The world is dark, my chest cold as I draw in the late winter air, a taste of spring telling the world it will soon be over. There’s a light sheen of ice over several cars.
As I run, I pass a man driving in a car, a young girl asleep in the passenger seat, her face pressed against the window. He’s at a light red light and, when he looks at her, I can see the love there, the protection, the family.
Family.
The word bounces around my head with the pace of my running steps.
It’s something I often dreamed of having, especially when I was overseas. I’d dream about finding the perfect woman to have children with, a woman who could look past my darkness and see… see what? See the potential, see my need to claim her, to make her mine, to protect her.

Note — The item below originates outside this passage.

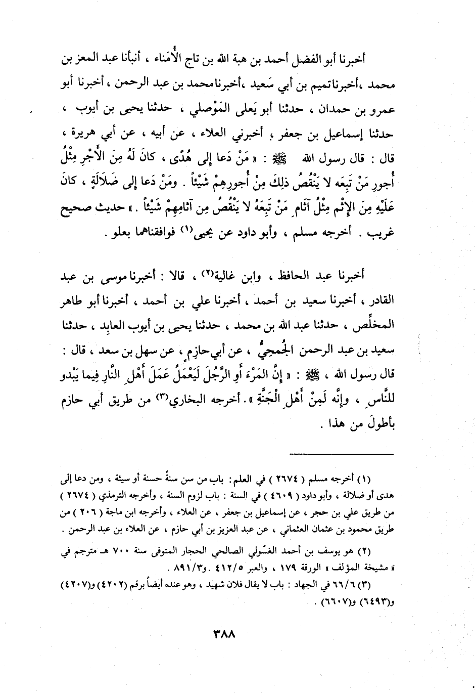 أَخْبَرَنَا أَبُو الفَضْلِ أَحْمَدُ بنُ هِبَةِ اللهِ بنِ تَاجِ الأُمَنَاءِ، أَنْبَأَنَا عَبْدُ المُعِزِّ بنُ مُحَمَّدٍ، أَخْبَرَنَا تَمِيْمُ بنُ أَبِي سَعِيْدٍ، أَخْبَرَنَا مُحَمَّدُ بنُ عَبْدِ الرَّحْمَنِ، أَخْبَرَنَا أَبُو عَمْرٍو بنُ حَمْدَانَ، حَدَّثَنَا أَبُو يَعْلَى المَوْصِلِيُّ، حَدَّثَنَا يَحْيَى بنُ أَيُّوْبَ، حَدَّثَنَا إِسْمَاعِيْلُ بنُ جَعْفَرٍ، أَخْبَرَنِي العَلاَءُ، عَنْ أَبِيْهِ، عَنْ أَبِي هُرَيْرَةَ، قَالَ:

But she never arrived, and that’s fine.
Just keep running.
Maybe she doesn’t exist.
“I don’t know what you expect,” Connor told me once. He served with me throughout the 2000s and the early 2010s before we both retired and pursued our own careers. “Just find a pretty girl and stick a ring on her finger. The rest will take care of itself.”
I laughed at that, though there was a grimness to it. I wish it was that easy, but there’s a danger a man like Connor couldn’t be aware of. He saw some action. He experienced a lot of the same sort of stuff I did, but he’s able to joke it away, able to laugh at it, stick it in a box, never look at it.
That’s what I do. Stick it in a box. Except I feel hollow. Often like I’m pretending.
I can’t inflict that on a woman.
Finally, I reach the gym, finding Connor in the parking lot, leaning against his truck. He’s a few feet shorter than me, but that’s not a brag. Most people are shorter than me.
He wears his hair long these days, whereas I keep mine Marine-short. He ties his up in a man bun, his beard thick and still almost completely black despite his thirty-seven years.
He kicks away from his truck, sipping on his coffee.
“You’re making me look bad, old man,” he banters.
I grin and wink. Nobody would ever guess how much effort it takes to smile at my friend. Nobody needs to know. As long as I keep myself together, as long as the howling in my dreams doesn’t invade my waking life, I consider that a success.
“Got to show you infants how it’s done.”
We laugh as we head toward the gym. I’m only four years older than Connor, at forty-one, but Marines will find any reason to talk crap. It’s far better than talking about the real stuff.
We work our ass off in the gym like we do most mornings. We disappear into a world of metal and sweat and physical determination, gritting our teeth and growling and letting out the monster in here so we don’t let it out anywhere else.
“How’s the dating app?” Connor asks me on a break between sets.